LOL! We struggled on Sunday at EH. Only 12 or 13 fish between us and no size to speak of. Of course I didn't help matters by missing my frog fish hook-up and I spent too much time punching after I caught one on my second pitch. That was the last one (and only one) after sticking with it for over an hour. Sunday there was a tournament and the holiday weekend boat traffic was horrific. Things were so bad we decided to get a room and try again on Labor Day on the theory that it could only get better.
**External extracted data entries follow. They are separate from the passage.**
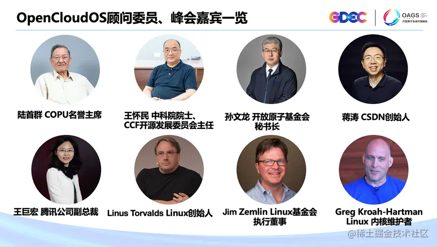 此外,OpenCloudOS 社区顾问委员会也在会上成立,由来自海内外知名院士专家、开源届行业领袖、技术领域大咖等8位专家组成,指导社区进行前瞻性的布局研究。
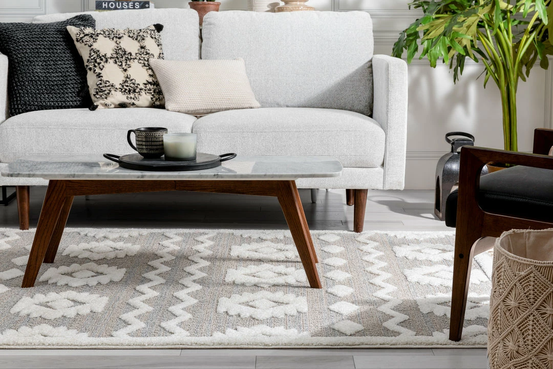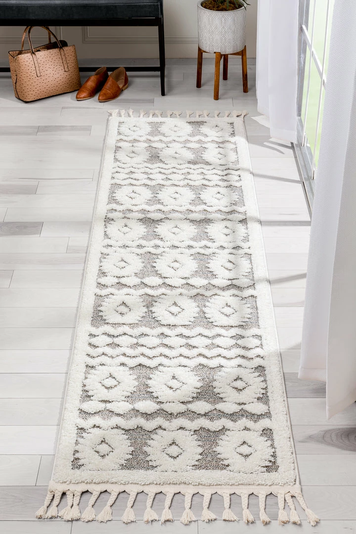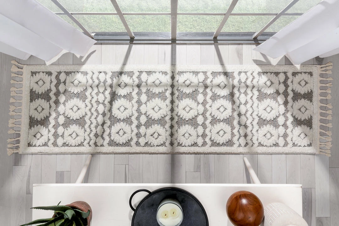 The Salem Collection’s globally inspired, distressed tribal patterns make the perfect centerpiece to a calming space. Ground yourself on a dense, looped pile that features soft, high-low pattern accents lending plushness and a rustic, chunky texture. Breathe easy knowing the yarn is stain resistant and easy to clean while the jute backing is wood floor safe.
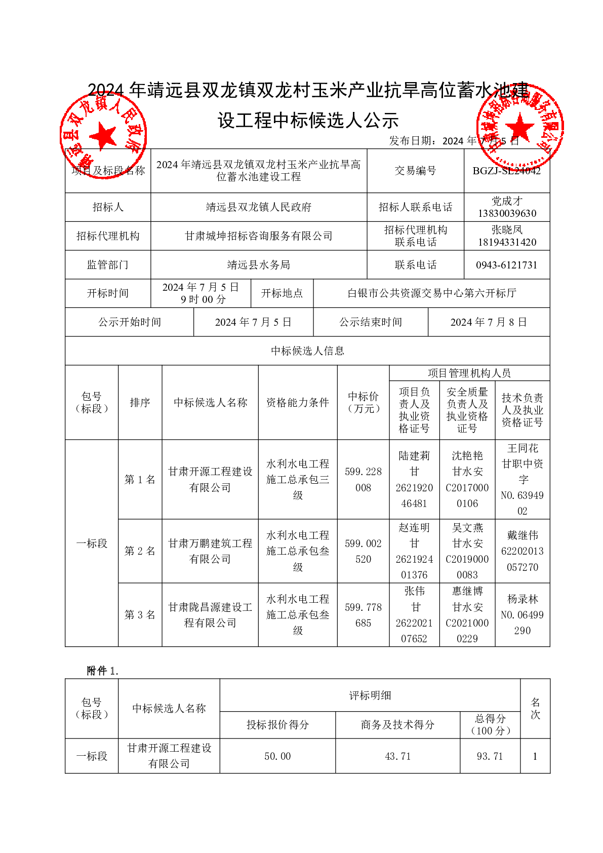 白银市2024年靖远县双龙镇双龙村玉米产业抗旱高位蓄水池建设工程
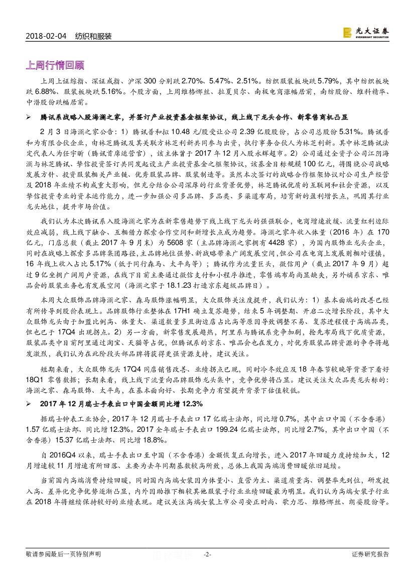 光大证券:纺织和服装行业周报:海澜之家获腾讯入股、拟设立基金,12月瑞士手表出口中国增12%.pdf
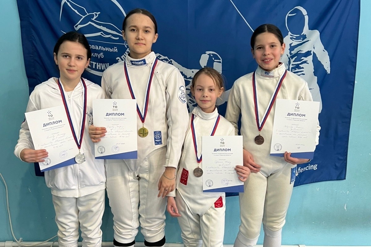 По итогам поединков на рапирах определились обладатели четырех комплектов наград. В Твери завершилось первенство области по фехтованию на рапирах среди мальчиков и девочек 9-12 и юношей и девушек 13-15 лет. В поединках за награды региональной пробы друг с другом сошлись воспитанники муниципальной СШОР «Лидер» города Твери. По итогам соревнований определились обладатели четырех комплектов медалей. Юноши 13-15 лет. 1. Гвоздев Дмитрий (тренер Воротникова О.А.). 2. Гуслянников Клим (тренер Воротникова О.А.). 3. Попиков Станислав и Тишинин Тимофей (тренер Воротникова О.А.), Девушки 13-15 лет. 1. Зуева Василиса (тренер Воротникова О.А.). 2. Ежова Мария (тренер Воротникова О.А.). 3. Заикина Виктория (тренер Немыгина О.Г.) и Леончук Диана (тренер Тулова С.А.) . Мальчики 9-12 лет. 1. Тулов Денис (тренерТулова С.А.). 2. Фунтяков Дмитрий (тренер Немыгина О.Г.). 3. Швецкий Юрий (тренерТулова С.А.) и Пучкунов Георгий (тренер Воротникова О.А.), Девочки 9-12 лет. 1. Перова Дарья (тренер Воротникова О
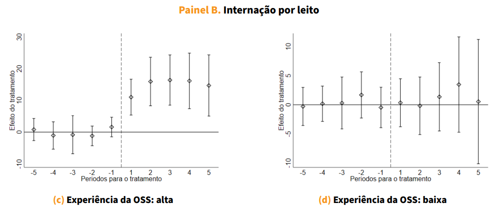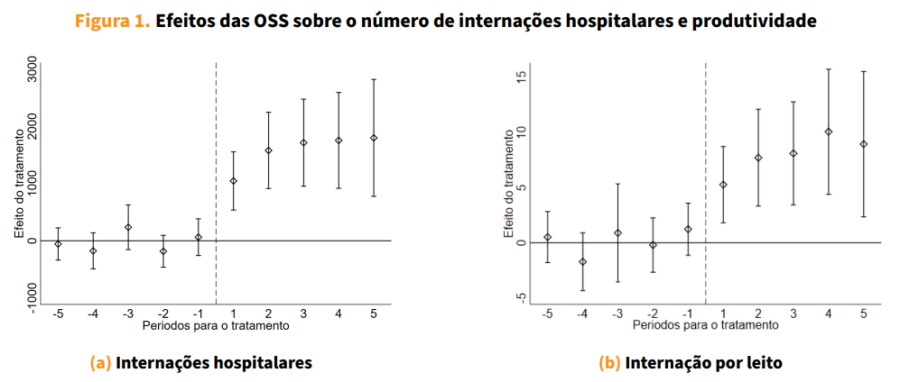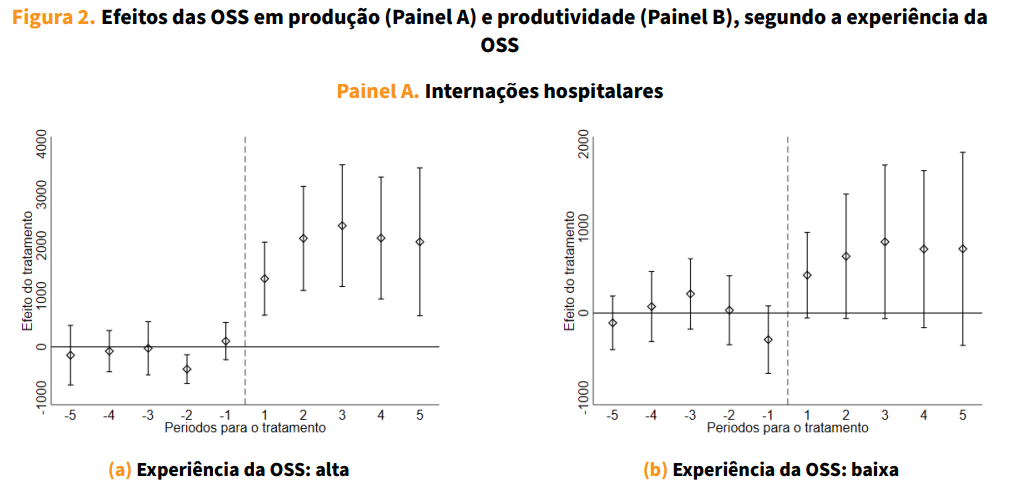 A adoção do modelo OSS leva a um aumento expressivo de internações hospitalares, da ordem de 40% em relação ao período pré-transição. Esse efeito é consistente entre diferentes tipos de atendimento (como clínico e cirúrgico) e entre condições mais ou menos urgentes. A Figura 1 (painel a) mostra que esse aumento de produção se consolida progressivamente ao longo dos anos após a transição.

So we got a room at the magical and majestic Majestic Motel (review: rough but cheap - http://www.majesticmotelohio.com/) and tried our luck again on Labor Day. 

The boat traffic wasn't as bad, no tournaments and our numbers at least doubled in half the fishing time with the average size much better. I couldn't catch a cold on an Ultra Vibe (one fish in 2 days) but the 7" Zoom Trick Worm in watermelon/red flecks was the ticket. Here's the first and third fish of the day:


----------



## NCbassattack (May 5, 2014)

Good fish. That color trick worm has been working good here too. Maybe I will try it next time out. Today, Matt and I got 16, mainly on Carolina rigged speedcraws and shaky head Swamp Crawlers. But only two keepers in the bunch, most pushed 13-14 inches. Matt got our best fish, a two pounder, on a Scrounger, with a Fat Albert grub trailer.


----------



## Buick Riviera (Jul 15, 2007)

My "funnest" catch was on a Z Man DieZel Chatterbait rigged with a Robo worm swimbait. Third biggest during the morning bite.


----------



## mepps_fisher (May 6, 2009)

I must be fishing the wrong East Harbor, because I would describe it as room temperature lol. realllll slow for me this weekend.


----------



## laynhardwood (Dec 27, 2009)

Swim jigs, swim baits, square bills, top water has always been best for me in early fall. I don't even try fishing anything other than a minnow imitation.


----------